No surprise then, when affordability is so ill-defined. No surprise when the London Plan has already scrapped its pyrrhic requirements on room and dwelling sizes and now contains no requirements on the matter whatsoever. Barely an eyebrow rises when, in the last decade, London has lost 8,000 social-rented homes and crushed council estates are replaced with less and less affordable housing in high-end developments.[20]

Large developers know many tricks to avoid matching the affordable figures -which are not overtly ambitious- set by the Boroughs. And they are acquiescently accepted. Rather than going into much more detail, the bottom-line is don’t ask what your Borough can do for you, because they won’t.

I wonder if this time of the Coronavirus might make citizens realize that they need to take matters into their own hands if they want to level the housing conditions up. Housing cooperatives, that join similarly minded citizens into building their own homes without much public or private intervention might become attractive alternatives for the abused middle class. They might appreciate the financing possibilities of co-housing and self-building, where the exclusive facilities and spacious interior spaces of higher-end dwellings are made affordable by sharing costs.

As for the have-nots, there are still 22,000 empty homes in London…

Pride (superbia) / Humility

The population of Homo Sapiens has been more or less stable for the past 200,000 years. In the last 200 years of our history, however, our population has sky-rocketed from 1 billion in 1800 to around 8 billion in 2020. And this trend is likely to continue. In just a little over 200 years we have managed to bring the environment to a halt and populated the Earth with either us or our products.[21]

Our PRIDE tells us that we will be able to undo the effects of industrialization and consumption with more industrialization -this time wind, solar, or biomass production- and consumption- this time vegan, healthy, macrobiotic, sustainably-sourced, you name it. We are already using 50% of the habitable land on Earth just to feed ourselves.[22] In the meantime, we have filled the world with 1.5 million cows and 23.7 billion chickens.
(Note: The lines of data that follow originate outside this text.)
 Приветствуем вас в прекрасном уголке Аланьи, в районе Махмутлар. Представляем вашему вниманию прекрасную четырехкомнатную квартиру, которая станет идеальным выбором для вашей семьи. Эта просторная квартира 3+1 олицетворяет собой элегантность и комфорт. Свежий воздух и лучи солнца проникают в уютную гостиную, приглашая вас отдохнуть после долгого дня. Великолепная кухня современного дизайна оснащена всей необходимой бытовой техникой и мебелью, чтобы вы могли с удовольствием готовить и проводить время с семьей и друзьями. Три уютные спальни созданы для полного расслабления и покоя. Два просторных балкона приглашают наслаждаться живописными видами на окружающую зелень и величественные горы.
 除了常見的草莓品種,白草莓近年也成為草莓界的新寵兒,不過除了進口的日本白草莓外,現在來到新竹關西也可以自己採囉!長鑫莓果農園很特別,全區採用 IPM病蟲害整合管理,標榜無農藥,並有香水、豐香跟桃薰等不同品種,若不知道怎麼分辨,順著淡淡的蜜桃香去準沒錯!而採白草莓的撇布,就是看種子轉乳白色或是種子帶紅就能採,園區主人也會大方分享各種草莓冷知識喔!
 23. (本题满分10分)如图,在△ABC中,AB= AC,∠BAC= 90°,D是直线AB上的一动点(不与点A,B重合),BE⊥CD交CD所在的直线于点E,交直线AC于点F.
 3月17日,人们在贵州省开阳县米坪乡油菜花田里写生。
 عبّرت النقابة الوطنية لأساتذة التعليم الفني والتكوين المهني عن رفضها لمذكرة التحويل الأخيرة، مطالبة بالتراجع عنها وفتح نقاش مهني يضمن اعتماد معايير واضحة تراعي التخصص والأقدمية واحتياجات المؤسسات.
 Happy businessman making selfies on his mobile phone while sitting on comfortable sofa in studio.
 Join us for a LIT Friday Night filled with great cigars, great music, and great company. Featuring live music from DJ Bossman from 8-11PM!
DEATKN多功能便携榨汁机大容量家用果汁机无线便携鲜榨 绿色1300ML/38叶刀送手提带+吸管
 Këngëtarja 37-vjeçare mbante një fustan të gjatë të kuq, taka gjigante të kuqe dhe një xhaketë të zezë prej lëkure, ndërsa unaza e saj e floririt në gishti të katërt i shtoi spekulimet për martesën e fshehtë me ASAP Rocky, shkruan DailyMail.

Overfishing is rampant and stopping it has proven to be very hard. And with 10 billion humans walking the Earth by 2050, what will the consequences be?

Has any species before us voluntarily limited their growth in a conscious and democratic collective effort?

Even if wars have grown more frequent in the last centuries, the rise in population counteracts their effect as a way of limiting booming growth. In Europe, the last major war ended more than 70 years ago. And indeed, our population is growing old happier than ever before. In the western and westernized world, we are now smart enough to make ourselves sick from lifestyle-related diseases and diseases of old age.[23] Meanwhile, the poorer and more congested countries in Africa -Niger, Angola, Congo among others- are growing at an unprecedented rate. In the struggle against natural calamities, the scale is tipping in humankind’s favour, the old in the north and the poor in the south are growing in number. [24]

Has God sent this plague to save humanity from its sins? Or, out of unconditional love, have we prayed to Google just enough to be purified?

‘The only regret I will have in dying is if it is not for love.’